The Society had suspended itself for the duration of hostilities, and its members had scattered to work in radar and aeroplane design. Now they were meeting again to plan postwar activities. In particular they wanted to hear what one of them, Valentine Cleaver, had gleaned about the state of rocket research on his recent journey to America. He had been told that it was impossible, given current technology, to build a rocket of any size, and that the rumours of big German rockets were just propaganda. At about that moment, 300 kilometres to the east, a 12-tonne missile – designed by a former member of the BIS’s German sister society, the Verein für Raumschiffahrt – left the ground carrying a one-tonne high-explosive warhead. The party in the pub shook their heads over the technological defeatism of the Americans: the missile rose out of the earth’s atmosphere, steered by four graphite rudders in its slipstream. One hundred kilometres up, it reached the top of an are as neat as the illustration of a parabola in a geometry textbook.
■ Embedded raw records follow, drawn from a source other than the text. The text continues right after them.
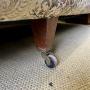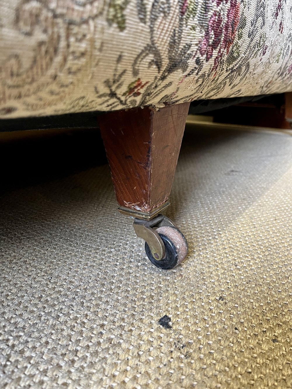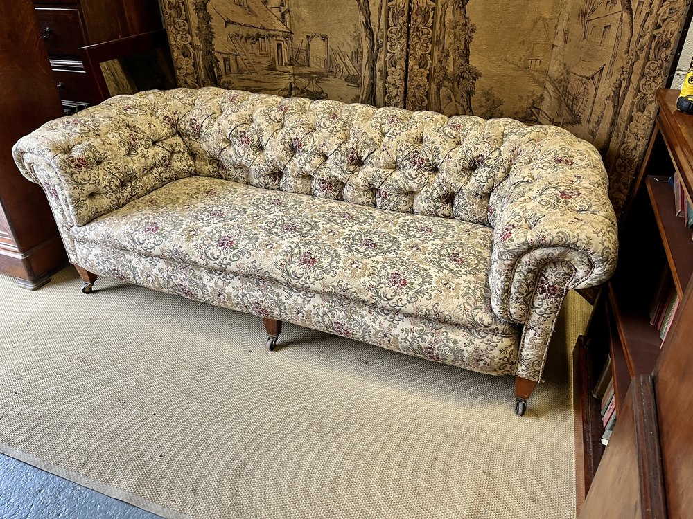 On a grand scale, being 7ft wide. Standing on 5 square tapering legs with original brass casters.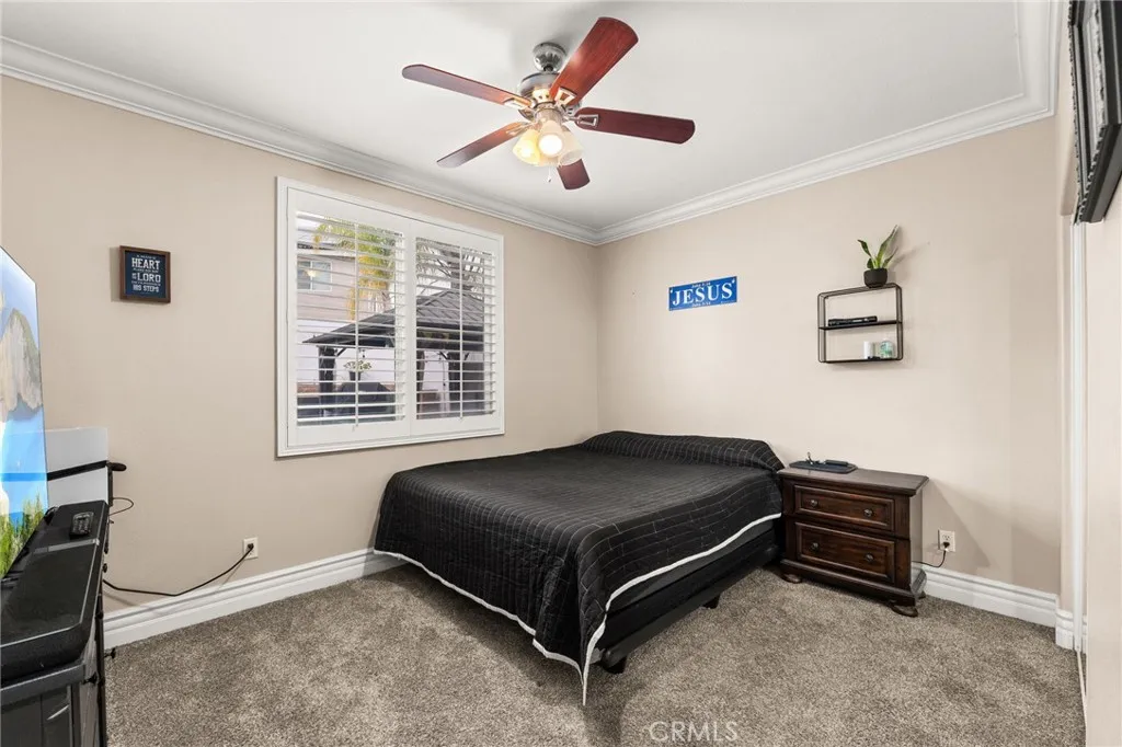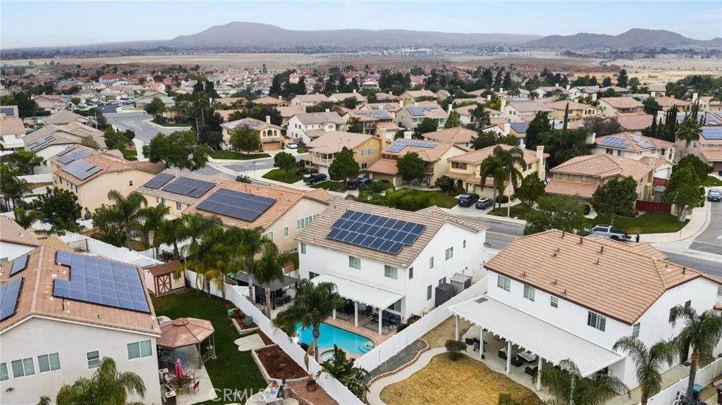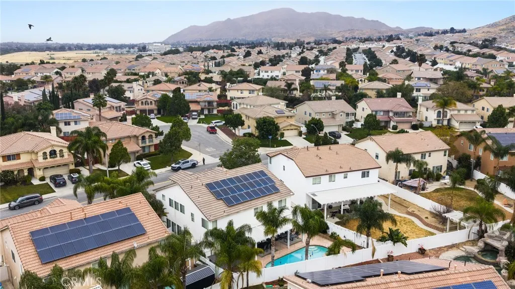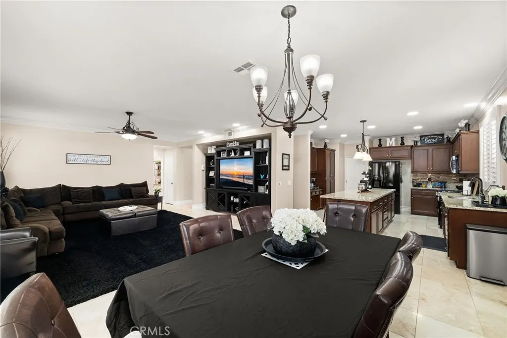 Welcome to this spacious and beautifully upgraded five-bedroom, three-bathroom home, thoughtfully designed for both comfort and functionality. In addition to the generously sized bedrooms, including The Master Bedroom that offers a bedroom-sized retreat that can be turned into a 6th bedroom. This home also features a dedicated officeperfect for working from home or creating a quiet retreat. Upstairs, youll find an oversized loft that offers incredible versatility, ideal as a playroom, game room, or even a private movie theater space. The open layout provides plenty of room for entertaining and everyday living. Step outside to your own backyard oasis, complete with a sparkling pool and an extended patioperfect for hosting gatherings or relaxing in the California sunshine. This home also boasts a three-car garage and a widened driveway with additional concrete, offering ample parking and convenience. With numerous upgrades throughout, this property combines style, space, and practicalitymaking it the perfect place to call home. Book your showing today!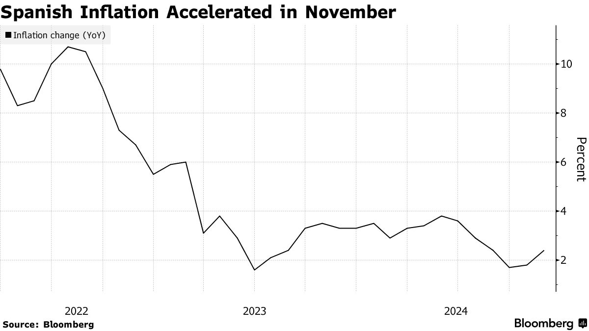 政策制定者将会忽视欧元区的这一上升,分析师预计周五11月份的数字将为2.3%。欧洲央行仍计划在两周内将存款利率第四次下调至3%。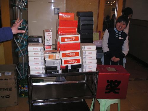 先來看看我們堆的和小山一樣的獎(jiǎng)品,夠豐盛吧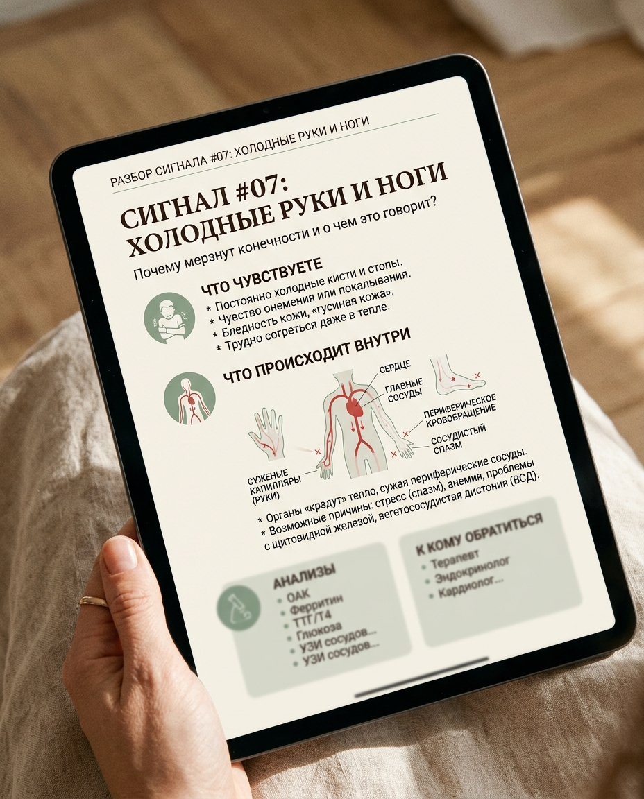 Что происходит внутри: Периферическое кровообращение снижено. Три основные причины: сниженная функция щитовидной железы, низкий ферритин, хронический спазм сосудов на фоне...

You have to pause for a moment, there, as the rocket’s vertical movement paused, with the forces of lift and of gravity briefly equalised; and try to realise the strangeness of the place it was in, a human-made object hurled outside the sphere in which the whole of human history had taken place. The war, and all previous wars, and all previous peace, lay under the starlit cloud-systems that stretched away to the curve of the planet’s edge, where the glitter of tomorrow’s sunlight brightened the rim. Then the rocket accelerated down from space into the whorl of cloud over the Thames Estuary, to confirm London’s founder membership in the small club of cities which have been attacked by ballistic missiles. London, Paris, Antwerp, Tehran, Tel Aviv and Baghdad: that’s all. If the rocket had been loaded with the nuclear weapon that would justify the expense of the delivery system to military planners in the decades to come, it would have fried the city from Kensington to Bermondsey. As it was, it only flattened a street – not that that would have been much comfort to those beneath the roof it came through faster than the speed of sound.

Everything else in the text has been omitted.